Gero is hiring!
We're seeking a Statistical Geneticist, Computational Biologist, or Bioinformatics Scientist with expertise in deep learning applications for variant annotation and functional genomics. You'll advance our target discovery platform by working with AI models, multi-omics data, and large-scale population genetics datasets to identify therapeutic targets and speed up drug discovery. Key tasks include processing genetics (GWAS/PheWAS), building reliable pipelines; implementing state-of-the-art methods; and developing production-ready code.
The ideal candidate has strong computational genomics skills and a passion for translating biological data
into drug development insights.
Key Responsibilities:
• Data management & preprocessing: Handle tabular data, genetics data (plink format), GWAS sumstats, molQTL.
• Statistical Genetics: Conduct WGS/WES common and rare variant association studies, followed by post-GWAS integration using colocalization, mendelian randomization, and multi-omics (transcriptomics/proteomics) analysis.
• Machine Learning: Implement classical ML and deep learning solutions for functional genomics.
• Pipeline development & maintenance: Design, build, and maintain automated analysis pipelines for association studies, ensure code quality.
Education: MSc/PhD in Statistical Genetics, Bioinformatics, Biostatistics, Computer Science, or related quantitative field.
Experience:
• 3 years (MSc) with relevant experience (or relevant doctoral research for PhD).
• Demonstrated hands-on experience analyzing large-scale datasets with statistical
inference and machine learning.
• Relevant publications in top-tier journals.
Technical Skills:
• Advanced Proficiency in Python and R.
• Proficient in a Unix/Linux command-line environment.
• Practical experience with population genetics, GWAS and post-GWAS methods.
• HPC or cloud computing experience is necessary.
• Experience in training deep neural networks is a plus.

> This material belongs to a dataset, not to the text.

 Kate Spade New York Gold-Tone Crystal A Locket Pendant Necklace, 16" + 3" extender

Personal Attributes: A proactive problem-solver who thrives in fast-paced, autonomous environments and is eager to master evolving technologies.
What We Offer:
• Competitive Compensation: Salary packages aligned with industry standards.

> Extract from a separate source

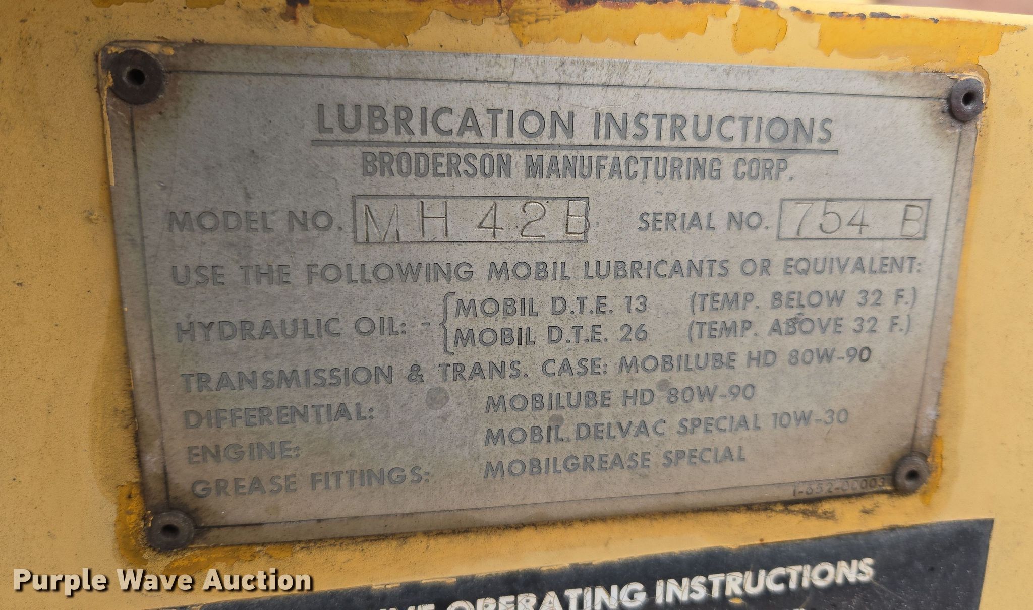 Purple Wave is selling a used Breaker or Hammer in South Dakota. This item is a Broderson MH42B drop hammer with the following: Hours: 650 on meter, Serial: 754B

• Remote-First: globally remote with flexible hours.
• High-Trust Culture: minimal-bureaucracy environment with complete ownership.
• Immediate Impact: Your contributions will drive our core therapeutic discovery engine from day one.
• Publication Opportunities: Active support for publishing.
How to Apply:
Interested candidates should submit a CV detailing their relevant experience, specific skills related to the requirements above, and suitability for the role to dreamjob biojan26@gero.ai.
About Us:
In
GERO.AI (
@hacking_aging), our mission is to decelerate human aging and develop innovative therapies for chronic conditions. We utilize physics-based foundational models trained on longitudinal data (e.g. UK Biobank). By extracting continuous biological latents (metabolic, immune, and biological age), we model health resilience and functional units far beyond the limitations of ICD-10 codes. Our genetics-driven causal AI pipeline integrates human genetics with multi-omics data to identify novel treatments and accelerate drug discovery.